● **What is required**: Would you please repeat exactly the entries below, starting at the line with "英山金石壹號(城北農貿市場)被評為2014-2015省結構優(yōu)質" and ending at the line with "這是2021年3月17日,運", and nothing outside that range? Leave out the pictures.

● **Record excerpts**:
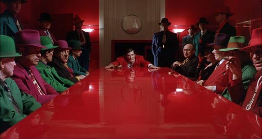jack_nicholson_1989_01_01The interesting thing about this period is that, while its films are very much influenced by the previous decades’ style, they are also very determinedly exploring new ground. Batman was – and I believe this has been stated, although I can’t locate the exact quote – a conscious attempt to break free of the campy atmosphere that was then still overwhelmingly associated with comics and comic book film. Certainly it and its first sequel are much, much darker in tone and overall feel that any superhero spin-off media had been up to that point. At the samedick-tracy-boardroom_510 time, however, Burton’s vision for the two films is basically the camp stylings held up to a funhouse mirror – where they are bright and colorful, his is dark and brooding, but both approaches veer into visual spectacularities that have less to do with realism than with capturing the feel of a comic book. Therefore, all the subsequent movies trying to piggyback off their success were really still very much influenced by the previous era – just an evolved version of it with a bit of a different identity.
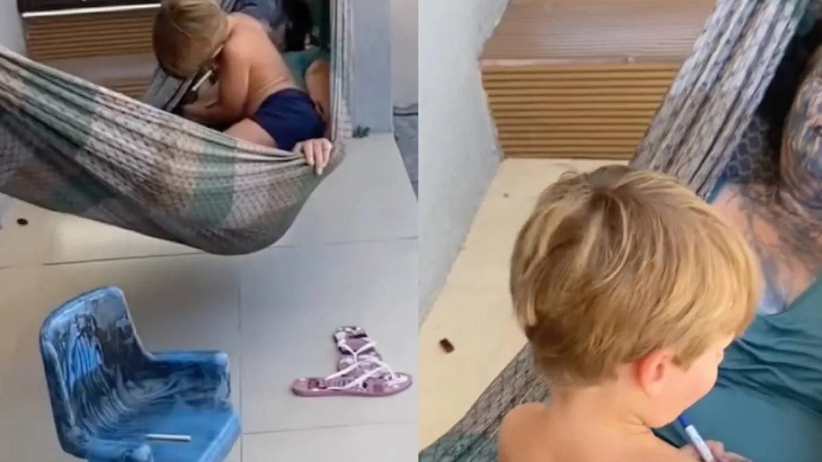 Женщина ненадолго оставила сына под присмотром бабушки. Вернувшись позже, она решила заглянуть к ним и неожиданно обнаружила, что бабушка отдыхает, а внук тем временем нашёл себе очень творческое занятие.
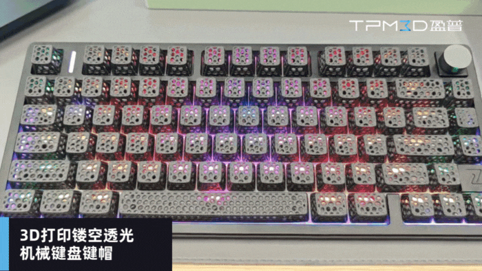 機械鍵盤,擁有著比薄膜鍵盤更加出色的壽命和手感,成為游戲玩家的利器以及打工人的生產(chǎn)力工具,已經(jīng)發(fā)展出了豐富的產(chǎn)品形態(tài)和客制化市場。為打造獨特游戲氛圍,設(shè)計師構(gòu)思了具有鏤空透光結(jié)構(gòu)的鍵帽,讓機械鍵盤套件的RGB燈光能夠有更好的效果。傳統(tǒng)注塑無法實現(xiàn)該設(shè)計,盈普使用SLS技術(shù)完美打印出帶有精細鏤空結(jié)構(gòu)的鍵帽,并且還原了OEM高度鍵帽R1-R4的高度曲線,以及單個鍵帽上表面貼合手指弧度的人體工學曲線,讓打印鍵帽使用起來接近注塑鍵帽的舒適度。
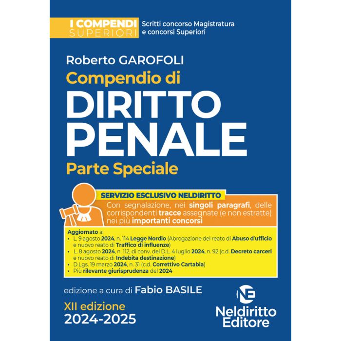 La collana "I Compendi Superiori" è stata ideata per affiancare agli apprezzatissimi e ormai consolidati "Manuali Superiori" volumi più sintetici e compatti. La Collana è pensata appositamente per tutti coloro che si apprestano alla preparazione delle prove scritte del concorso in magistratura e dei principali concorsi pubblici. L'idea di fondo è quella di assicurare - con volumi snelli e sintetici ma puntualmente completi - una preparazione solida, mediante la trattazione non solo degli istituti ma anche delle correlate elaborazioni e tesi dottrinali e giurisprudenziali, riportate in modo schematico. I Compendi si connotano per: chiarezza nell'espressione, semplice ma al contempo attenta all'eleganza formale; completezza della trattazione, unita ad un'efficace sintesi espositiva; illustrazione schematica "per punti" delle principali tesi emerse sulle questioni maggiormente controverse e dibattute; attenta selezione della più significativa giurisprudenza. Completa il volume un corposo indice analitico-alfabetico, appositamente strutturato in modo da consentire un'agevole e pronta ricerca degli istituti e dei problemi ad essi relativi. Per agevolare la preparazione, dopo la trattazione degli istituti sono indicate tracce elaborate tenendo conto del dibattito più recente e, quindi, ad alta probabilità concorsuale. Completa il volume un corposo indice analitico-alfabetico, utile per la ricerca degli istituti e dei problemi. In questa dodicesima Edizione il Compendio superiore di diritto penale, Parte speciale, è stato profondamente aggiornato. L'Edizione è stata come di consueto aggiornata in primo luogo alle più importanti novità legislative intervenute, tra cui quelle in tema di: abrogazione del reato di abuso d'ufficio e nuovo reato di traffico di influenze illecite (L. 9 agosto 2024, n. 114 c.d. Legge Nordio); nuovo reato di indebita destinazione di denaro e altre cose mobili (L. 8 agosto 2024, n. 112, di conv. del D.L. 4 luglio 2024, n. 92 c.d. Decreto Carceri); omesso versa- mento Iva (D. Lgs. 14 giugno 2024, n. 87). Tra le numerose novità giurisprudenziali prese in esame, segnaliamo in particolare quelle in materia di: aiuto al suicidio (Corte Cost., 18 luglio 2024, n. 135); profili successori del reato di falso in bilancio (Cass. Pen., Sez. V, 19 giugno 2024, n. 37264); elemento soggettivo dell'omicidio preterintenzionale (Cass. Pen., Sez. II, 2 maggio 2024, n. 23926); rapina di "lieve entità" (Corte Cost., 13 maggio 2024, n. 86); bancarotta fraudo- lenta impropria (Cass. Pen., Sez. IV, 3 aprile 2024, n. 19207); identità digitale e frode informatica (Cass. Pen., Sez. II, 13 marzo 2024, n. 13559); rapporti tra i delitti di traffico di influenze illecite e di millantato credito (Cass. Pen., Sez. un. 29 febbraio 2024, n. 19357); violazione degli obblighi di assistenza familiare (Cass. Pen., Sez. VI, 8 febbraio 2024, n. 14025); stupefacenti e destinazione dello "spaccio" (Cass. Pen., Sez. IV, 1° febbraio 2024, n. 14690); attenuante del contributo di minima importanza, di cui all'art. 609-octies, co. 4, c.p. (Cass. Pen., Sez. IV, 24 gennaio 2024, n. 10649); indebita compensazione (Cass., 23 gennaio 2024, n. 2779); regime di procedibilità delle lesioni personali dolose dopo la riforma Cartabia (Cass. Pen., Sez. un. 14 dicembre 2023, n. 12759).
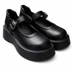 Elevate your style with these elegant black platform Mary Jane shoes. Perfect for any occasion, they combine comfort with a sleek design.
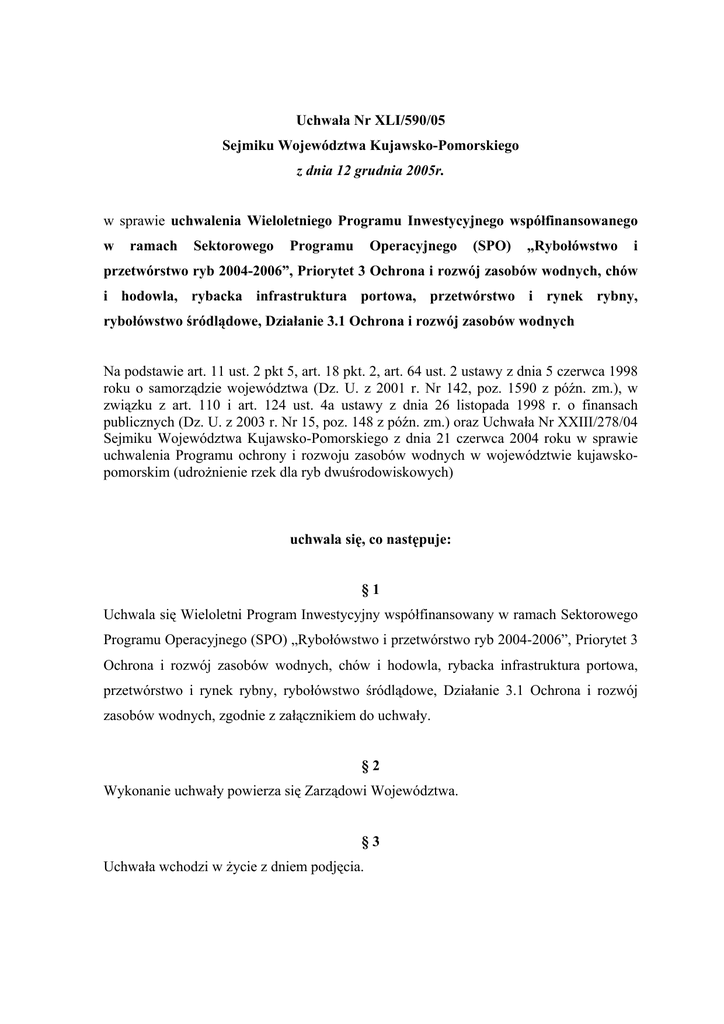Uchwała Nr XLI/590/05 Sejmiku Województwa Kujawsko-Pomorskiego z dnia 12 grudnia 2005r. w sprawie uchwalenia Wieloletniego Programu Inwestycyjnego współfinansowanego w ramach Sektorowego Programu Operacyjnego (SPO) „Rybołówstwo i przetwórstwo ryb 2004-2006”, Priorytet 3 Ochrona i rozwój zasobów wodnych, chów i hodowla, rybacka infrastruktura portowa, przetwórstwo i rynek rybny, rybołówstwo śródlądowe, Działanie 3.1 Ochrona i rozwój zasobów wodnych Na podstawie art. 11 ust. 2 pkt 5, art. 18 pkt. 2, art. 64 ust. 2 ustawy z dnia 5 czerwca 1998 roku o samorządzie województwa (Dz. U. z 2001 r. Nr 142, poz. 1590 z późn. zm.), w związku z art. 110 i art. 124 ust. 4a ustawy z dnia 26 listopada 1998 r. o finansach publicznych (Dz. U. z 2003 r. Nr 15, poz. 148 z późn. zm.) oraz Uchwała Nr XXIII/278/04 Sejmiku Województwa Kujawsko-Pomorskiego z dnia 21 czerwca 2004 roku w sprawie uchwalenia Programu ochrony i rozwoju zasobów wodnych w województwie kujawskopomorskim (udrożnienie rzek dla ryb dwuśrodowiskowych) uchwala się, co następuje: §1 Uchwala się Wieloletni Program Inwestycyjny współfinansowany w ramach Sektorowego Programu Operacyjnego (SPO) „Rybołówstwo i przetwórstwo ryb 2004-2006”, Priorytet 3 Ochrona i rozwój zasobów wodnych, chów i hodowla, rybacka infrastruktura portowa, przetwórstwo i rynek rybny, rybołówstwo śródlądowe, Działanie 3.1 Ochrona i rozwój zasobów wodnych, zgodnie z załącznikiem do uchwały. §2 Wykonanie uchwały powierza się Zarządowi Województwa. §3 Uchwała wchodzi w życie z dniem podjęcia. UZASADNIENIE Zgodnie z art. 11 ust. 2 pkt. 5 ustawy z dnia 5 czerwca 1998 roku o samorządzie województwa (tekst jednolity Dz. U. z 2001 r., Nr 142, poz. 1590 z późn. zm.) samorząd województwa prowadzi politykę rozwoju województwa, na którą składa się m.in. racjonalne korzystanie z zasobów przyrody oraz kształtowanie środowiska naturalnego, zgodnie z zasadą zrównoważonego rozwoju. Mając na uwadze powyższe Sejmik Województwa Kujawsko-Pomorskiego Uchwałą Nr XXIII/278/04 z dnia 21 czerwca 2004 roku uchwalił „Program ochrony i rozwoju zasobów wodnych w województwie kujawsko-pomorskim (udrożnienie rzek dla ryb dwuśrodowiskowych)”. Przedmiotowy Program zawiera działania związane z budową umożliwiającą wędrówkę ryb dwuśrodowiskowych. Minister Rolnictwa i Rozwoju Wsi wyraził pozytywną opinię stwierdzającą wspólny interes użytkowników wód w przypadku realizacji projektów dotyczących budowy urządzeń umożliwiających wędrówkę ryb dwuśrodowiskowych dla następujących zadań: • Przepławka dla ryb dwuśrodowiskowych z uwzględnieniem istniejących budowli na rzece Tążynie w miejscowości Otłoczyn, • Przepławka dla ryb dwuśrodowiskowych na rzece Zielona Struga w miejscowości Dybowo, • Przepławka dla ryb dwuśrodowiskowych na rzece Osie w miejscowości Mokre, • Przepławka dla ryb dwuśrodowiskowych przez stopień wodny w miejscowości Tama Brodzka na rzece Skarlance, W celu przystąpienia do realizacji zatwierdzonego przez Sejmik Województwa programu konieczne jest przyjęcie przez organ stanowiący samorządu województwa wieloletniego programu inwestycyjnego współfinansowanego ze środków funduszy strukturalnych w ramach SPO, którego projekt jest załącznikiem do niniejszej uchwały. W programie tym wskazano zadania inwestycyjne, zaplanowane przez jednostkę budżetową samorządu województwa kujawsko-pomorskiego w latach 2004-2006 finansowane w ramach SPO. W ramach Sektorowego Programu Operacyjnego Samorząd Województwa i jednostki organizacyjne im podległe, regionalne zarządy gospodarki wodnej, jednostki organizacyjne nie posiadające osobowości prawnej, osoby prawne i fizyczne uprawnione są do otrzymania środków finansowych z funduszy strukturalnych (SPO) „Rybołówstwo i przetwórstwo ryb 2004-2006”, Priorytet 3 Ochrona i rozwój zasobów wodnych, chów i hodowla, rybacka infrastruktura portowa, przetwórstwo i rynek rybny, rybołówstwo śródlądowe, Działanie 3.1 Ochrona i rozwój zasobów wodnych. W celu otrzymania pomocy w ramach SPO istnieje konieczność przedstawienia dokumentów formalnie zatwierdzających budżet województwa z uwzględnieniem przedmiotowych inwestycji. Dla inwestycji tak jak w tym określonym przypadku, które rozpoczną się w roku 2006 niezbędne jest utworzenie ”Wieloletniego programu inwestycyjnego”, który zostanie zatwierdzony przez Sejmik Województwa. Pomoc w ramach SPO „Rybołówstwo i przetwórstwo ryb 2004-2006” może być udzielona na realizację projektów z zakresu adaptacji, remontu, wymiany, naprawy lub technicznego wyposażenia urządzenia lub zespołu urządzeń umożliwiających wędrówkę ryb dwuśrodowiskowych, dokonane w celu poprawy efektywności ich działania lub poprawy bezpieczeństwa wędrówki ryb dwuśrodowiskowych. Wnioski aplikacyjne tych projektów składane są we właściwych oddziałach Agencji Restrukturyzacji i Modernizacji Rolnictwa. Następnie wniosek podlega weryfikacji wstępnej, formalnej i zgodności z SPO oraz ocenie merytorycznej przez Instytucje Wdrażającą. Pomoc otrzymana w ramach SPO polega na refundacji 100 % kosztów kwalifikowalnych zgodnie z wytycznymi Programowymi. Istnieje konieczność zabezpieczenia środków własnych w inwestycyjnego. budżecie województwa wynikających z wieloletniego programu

...

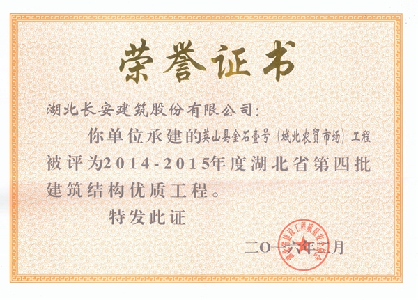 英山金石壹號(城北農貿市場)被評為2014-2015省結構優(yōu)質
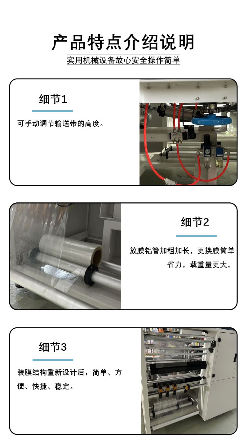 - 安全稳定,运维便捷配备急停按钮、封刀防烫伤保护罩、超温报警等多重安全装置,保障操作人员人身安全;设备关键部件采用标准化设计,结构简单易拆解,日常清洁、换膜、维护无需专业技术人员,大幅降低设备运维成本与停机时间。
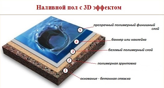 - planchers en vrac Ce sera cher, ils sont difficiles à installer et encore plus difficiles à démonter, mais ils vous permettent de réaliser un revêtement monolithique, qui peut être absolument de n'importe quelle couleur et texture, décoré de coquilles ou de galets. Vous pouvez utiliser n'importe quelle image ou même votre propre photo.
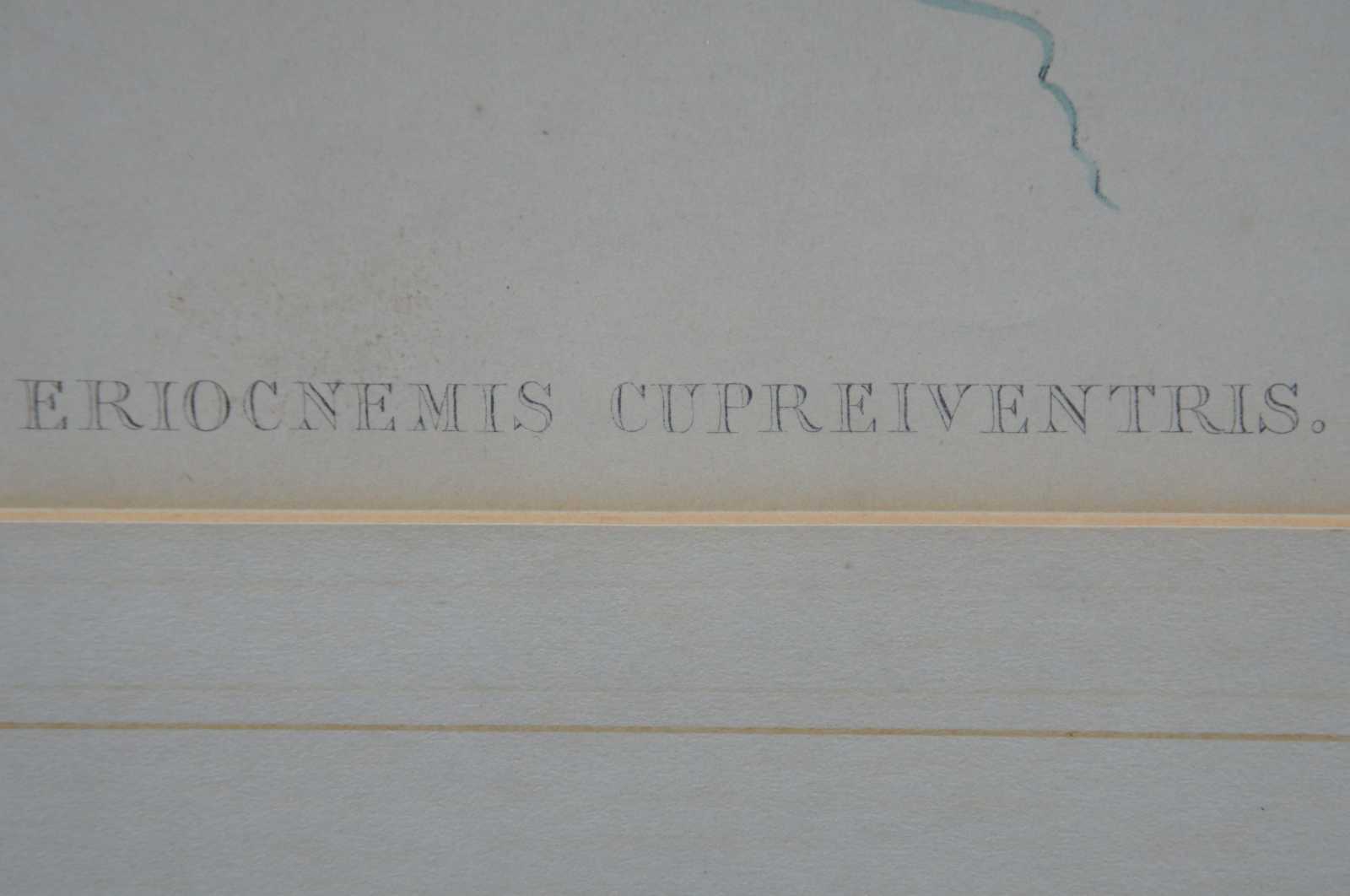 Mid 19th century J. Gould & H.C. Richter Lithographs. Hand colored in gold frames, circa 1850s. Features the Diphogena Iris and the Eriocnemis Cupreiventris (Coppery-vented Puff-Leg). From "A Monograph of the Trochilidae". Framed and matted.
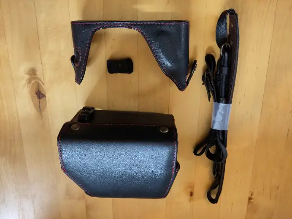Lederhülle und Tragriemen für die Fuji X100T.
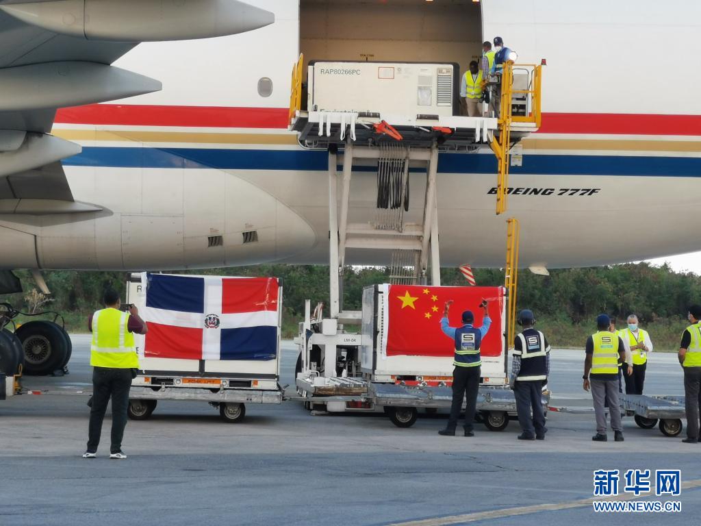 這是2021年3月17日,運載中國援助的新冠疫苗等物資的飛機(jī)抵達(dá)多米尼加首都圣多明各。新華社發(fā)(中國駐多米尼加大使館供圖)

● **Answer**:
 英山金石壹號(城北農貿市場)被評為2014-2015省結構優(yōu)質
 - 安全稳定,运维便捷配备急停按钮、封刀防烫伤保护罩、超温报警等多重安全装置,保障操作人员人身安全;设备关键部件采用标准化设计,结构简单易拆解,日常清洁、换膜、维护无需专业技术人员,大幅降低设备运维成本与停机时间。
 - planchers en vrac Ce sera cher, ils sont difficiles à installer et encore plus difficiles à démonter, mais ils vous permettent de réaliser un revêtement monolithique, qui peut être absolument de n'importe quelle couleur et texture, décoré de coquilles ou de galets. Vous pouvez utiliser n'importe quelle image ou même votre propre photo.
 Mid 19th century J. Gould & H.C. Richter Lithographs. Hand colored in gold frames, circa 1850s. Features the Diphogena Iris and the Eriocnemis Cupreiventris (Coppery-vented Puff-Leg). From "A Monograph of the Trochilidae". Framed and matted.
Lederhülle und Tragriemen für die Fuji X100T.
 這是2021年3月17日,運載中國援助的新冠疫苗等物資的飛機(jī)抵達(dá)多米尼加首都圣多明各。新華社發(fā)(中國駐多米尼加大使館供圖)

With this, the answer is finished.